Some 3.2 million homeowners have already refinanced through HARP, but surprisingly, one-fifth of those who would benefit and could qualify still have not done so - and time is running out. So if you're in that remaining 800,000, or are wondering if you might be, here's a rundown of the key points about the program
#1 - It's not a scam!!!!!!!
Surveys have found that one of the main reasons that qualified borrowers don't take advantage of HARP is that they're suspicious that it might be some sort of scam. That could be because 1) they've heard about bogus mortgage rescue schemes that seek to defraud homeowners; 2) it seems too good to be true; and 3) the program is being aggressively promoted by lenders, many of them fairly small and obscure, using direct mailings that unfortunately may call to mind other, more dubious promotions.
Here's the real deal: HARP is a program created by the federal government. It's run by the Federal Housing Finance Agency (FHFA) through the government-sponsored enterprises Fannie Mae and Freddie Mac. HARP refinances can only be offered through legitimate mortgage lenders authorized to offer Fannie Mae or Freddie Mac loan products - scam artists and fly-by-night operations need not apply.
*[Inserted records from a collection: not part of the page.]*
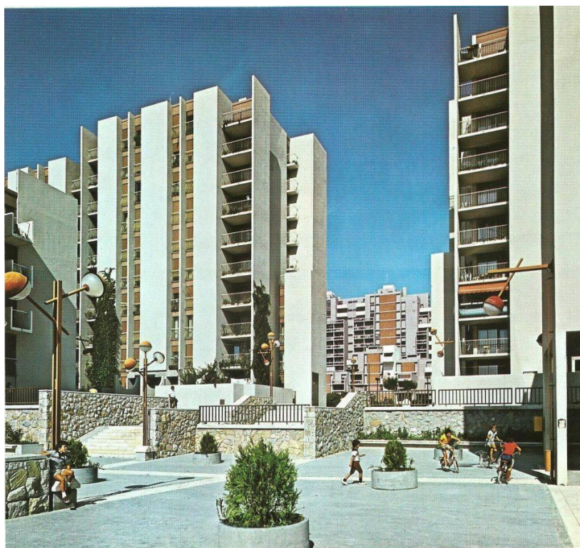
Slika 5 – Život na ulicama Trstenika
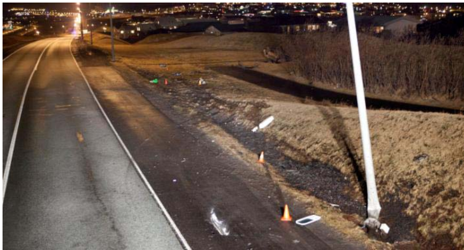
Mynd tekin af vettvangi slyssins í akstursátt bifreiðarinnar. Ljósastaurinn sem bifreiðin ók á sést hér hægra megin á myndinni.

Ökumaður Subaru bifreiðar var einn í bifreið sinni á leið suður Reykjanesbraut seinnipart dags. Var bifreiðinni ekið í miðri röð nokkurra bifreiða. Skyndilega fór bifreiðin út af veginum til hægri. Hægra framhorn hennar hafnaði á ljósastaur með þeim afleiðingum að bifreiðin snerist og valt. Bifreiðin staðnæmdist loks á toppnum utanveggar, eina 46 metra frá ljósastaurnum.
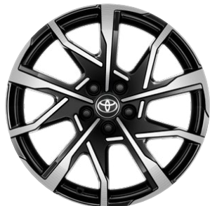
19" kola z lehké slitiny, pneumatiky 195/50 R19 Pro verzi Prestige a Executive
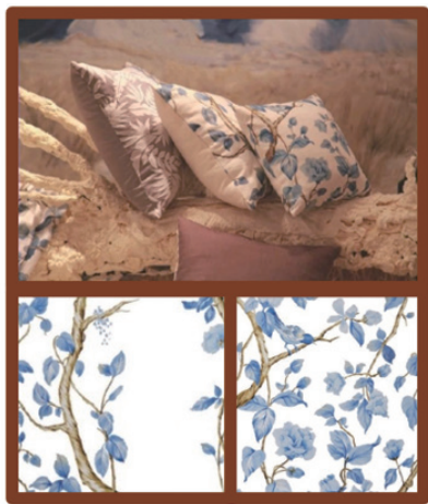
图1-16 图案在纺织品中的修饰作用

通常，纺织品图案对纺织品能够起到修饰、点缀的作用，使原本在视觉形式上显得单调的纺织品产生层次、格局和色彩的变化，以达到纺织品整体和谐之美的目的（图1-16）。除此之外，纺织品图案还可起到加强与突出织物局部视觉效果的作用，形成一定的视觉张力（图1-17）。
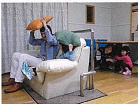
西部防災センター

日ごろからできることがたくさんあるね。安全を守るための行動や、 自然災害への備えを考えていきたいね。
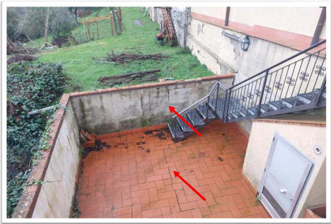
Foto n. 6 resede - foto allegata alla perizia consegnata a febbraio 2024
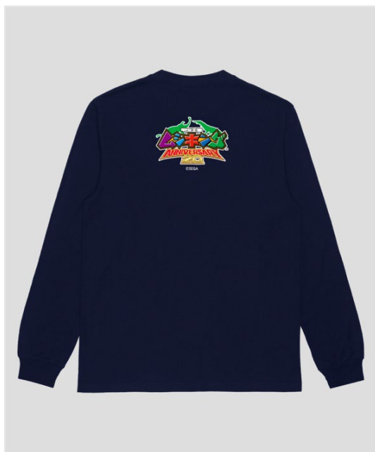
▲ムシキングロンT/ネイビー（背面）

『ムシキングTシャツ 9種の甲虫』 『ムシキングロンT 9種の甲虫』は、ムシキングに登場する人気のカブトムシとクワガタを9種類ずつ並べた「カブトムシ Ver.」と「クワガタ Ver.」の2パターンにて制作。それぞれの学名を記載して図鑑のような雰囲気に仕上げました。スタイリッシュなデザインなので、シンプルなコーディネートにも取り入れやすいです（※プリントは前面のみになります）。
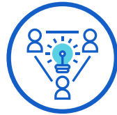
Para tu equipo
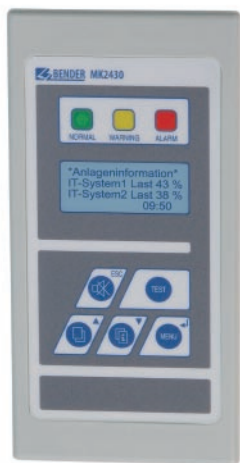
MK2430 signalizační panel

Můžete nás také navštívit na 15. MSV v Nitře v Pavilonu F, stánek č. 58, který se koná ve dnech od 19. 5. do 23. 5. 2008
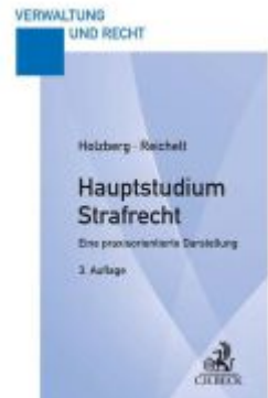
Hauptstudium Strafrecht Ladenpreis: 27,70EUR
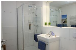
Das Duschbad, Handwaschbecken, nicht im Bild, die Toilette
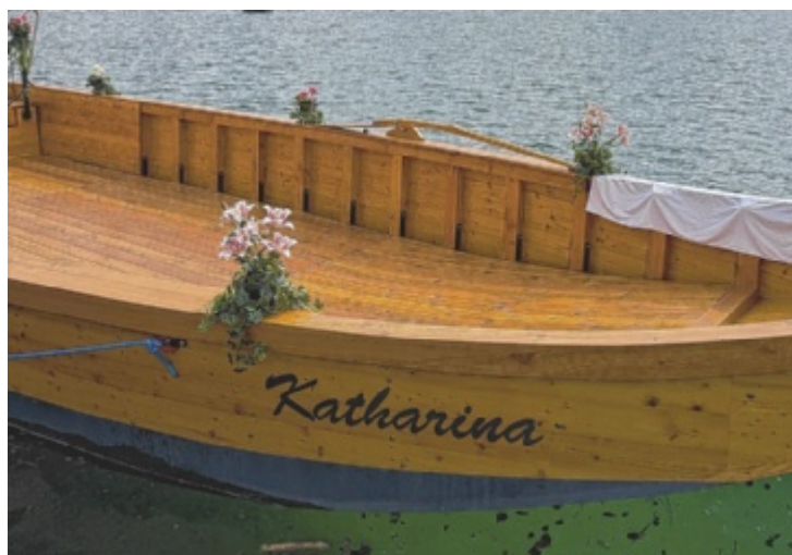
Der Name „Katharina“ soll an die kaiserliche Muse erinnern.
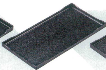
10-107-10 B-24-94 A|30cmカスター盆 ブラックパール ¥1,500 (31.1×16×1.9) 梱60

#2 - It's not welfare!!!!!!
Some qualifying homeowners who might benefit from HARP may have refused to take advantage of it because they assume it's some sort of government handout. It's not.
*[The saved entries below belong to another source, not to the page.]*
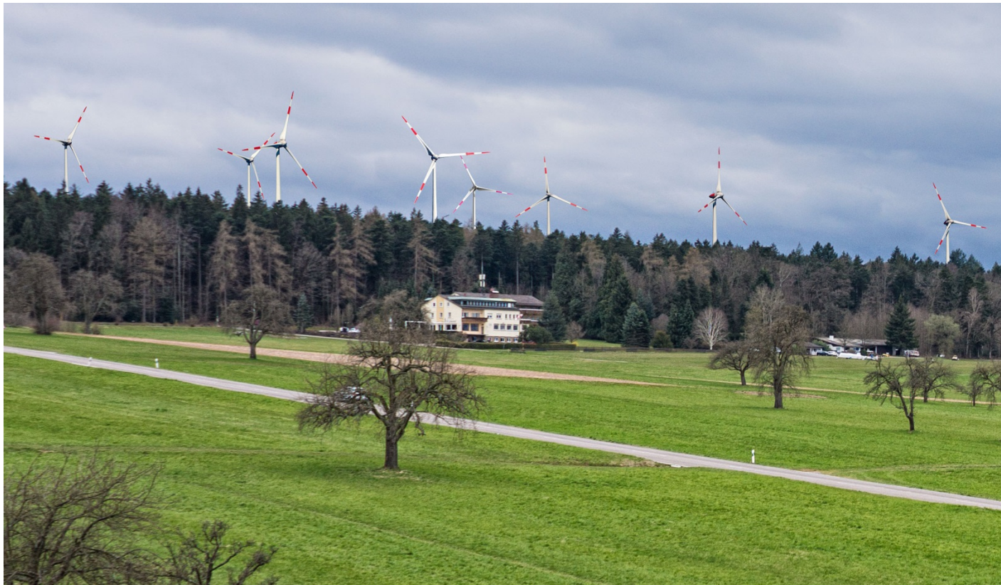
Fotomontage Blick auf die Schwanner Warte, maßstabsgetreu nach Planunterlagen dargestellt
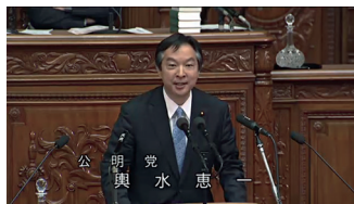
H25.11.19 ついに本会議・討論デビュー 与党代表としての討論に、野党も唸った

皆さまの温かいご支援を賜り、一年間元気づけ無事故で地域と現場を走り抜くことができました。2014年も皆さまの声の代弁者として、目の前の一人を大切に全力で働いて参ります。
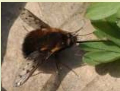
Жужжало разноцветное – Bomblylius discolor
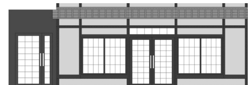
変更後の1階立面図
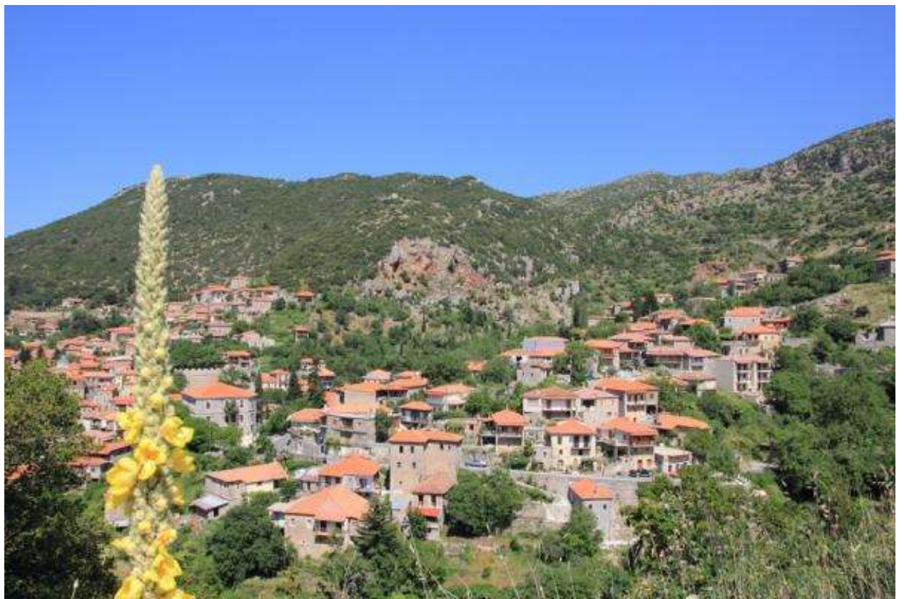
ΠΑΝΟΡΑΜΙΚΗ ΘΕΑ ΤΗΣ ΣΤΕΜΝΙΤΣΑΣ

Στη Δημητσάνα λίγα χιλιόμετρα μακριά από τη Στεμνίτσα καταγόταν ο Παλαιών Πατρών Γερμανός. Στη Δημητσάνα επίσης ήταν οι μπαρουτόμυλοι που σήμερα είναι μουσείο.

The way it works is that Fannie Mae and Freddie Mac, who already back the mortgages that qualify for HARP refinancing, have modified their rules to allow lenders to refinance those loans at current rates even though the home's value might not support a conventional refinance.
Fannie Mae and Freddie Mac are already on the hook for those loans, so they're not taking on any additional risk by allowing them to be refinanced. And because mortgages are bundled into securities and sold to investors, the investors who hold your current high-interest mortgage are simply paid off early, and the new low-interest loan is sold to new investors willing to accept the lower rate. That's where the savings come from. Mortgage lenders are willing to do these transactions because they make their money off the origination fees, then sell the loan to investors.
#3 - It's easy
Although many applicants were thwarted by stringent program requirements when HARP was introduced in 2009, changes since then have made it much easier to apply and to qualify. In most cases, the need for a property assessment can be waived, since it doesn't matter how much your property may have fallen in value since you bought it - there's no limit on how far underwater you can be on your mortgage and still qualify.
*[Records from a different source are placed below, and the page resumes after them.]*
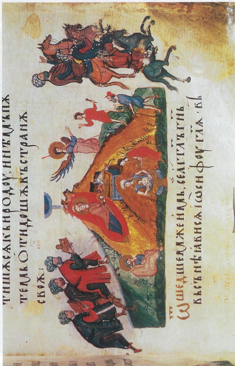
Фиг. 2 Посещението на Влъхвите (публикацията е с разрешението на Британската библиотека).
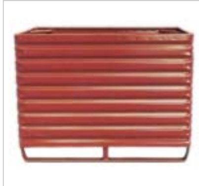
Metallboxe 2330, Füllhöhe 800 mm Boxe métallique 2330, hauteur de remplissage 800 mm
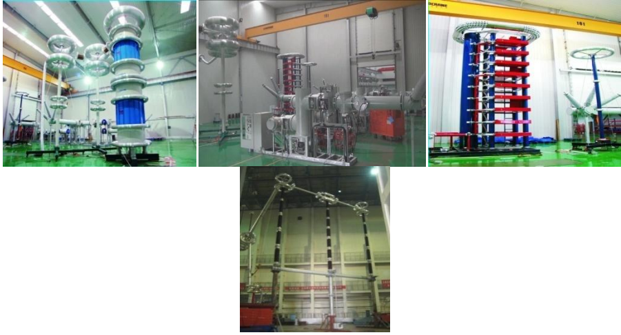
高压交流断路器技术实验室
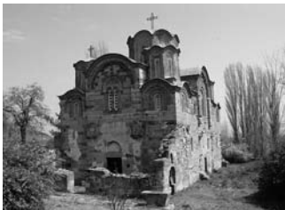
Св. Ѓорѓи – Старо Наторичане
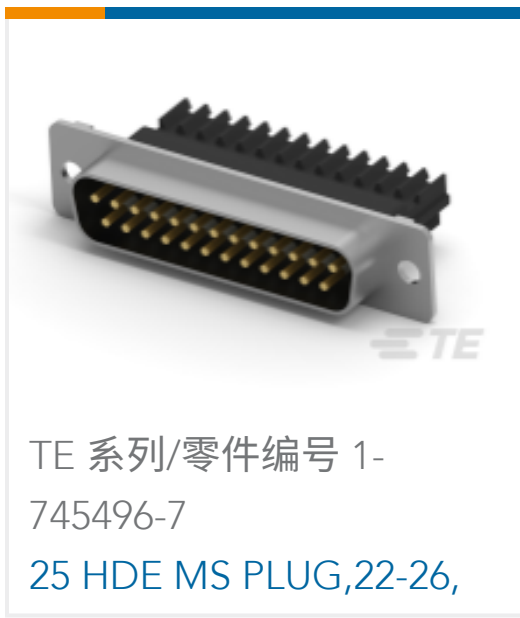
TE 系列/零件编号 1-745496-7 25 HDE MS PLUG, 22-26, LEAD FREE

There's also a streamlined process available to many borrowers that eliminates the need to document your income; a lender can just confirm your job status with your employer. And if you do have to submit tax returns or other income documentation, such as if you're self-employed, the debt-to-income ratio allowed is much more lenient than on a home purchase or conventional refinance - if you have good credit, your new payment can be in excess of 50 percent of your monthly income. So if your earnings took a hit during the recession and still haven't recovered, you can still qualify.
#4 - It's affordable
Many borrowers assume that, because HARP refinances are for mortgages with little or negative home equity, they'll pay a higher rate than conventional mortgage borrowers with similar credit. Not true. The way a HARP refinance is structured, there's no pricing adjustment based on home equity, so you can get the same rate you could on a conventional refinance. You can even buy down your rate by purchasing discount points, which also can be rolled into your loan.
Fees are fairly low as well - it's common for borrowers to pay as little as 2 percent of the loan amount in closing costs. Those can also be rolled into the loan itself, through a limited cash-out option, so you don't have to pay those up front. And because the property assessment can usually be waived, there's no need to pay that charge either.
#5 - Do you qualify?
To be eligible for a HARP refinance, you first have to have a mortgage that's backed by Fannie Mae or Freddie Mac. That's probably the case, unless you have a VA or FHA mortgage - but those have their own refinance options for low-equity and underwater borrowers.
Other requirements: You must have obtained your mortgage prior to May 31, 2009 and be current on your mortgage payments. You may not have previously refinanced under the HARP program, unless you did so in the first few weeks when it was first offered.
There's no limit on how far underwater on your mortgage you can be and still qualify - that is, it doesn't matter how much the amount owed on your mortgage exceeds the current value of your home. However, you can't have more than 20 percent positive equity - though if you have that, you ought to be able to qualify for a conventional refinance anyway, unless your credit is poor.
You can't refinance a home equity loan or other second mortgage through HARP, and you can't consolidate such loans into your primary mortgage using HARP. If you have such a loan, your lender must agree to resubordinate it to the new HARP mortgage in order to qualify.
You can apply for a HARP refinance through any Fannie Mae or Freddie Mac mortgage lender or broker participating in the program. Most do. You can refinance with your current lender if you wish, but that isn't a requirement. In fact, it's a good idea to check offers from several lenders to find who'll give you the best deal.
But remember: HARP expires after Dec. 31, 2015. If you don't close your loan by then - not just apply - you're out of luck. So if you're one of the hundreds of thousands of eligible borrowers who still hasn't taken advantage of this golden opportunity, don't wait. Time is running out.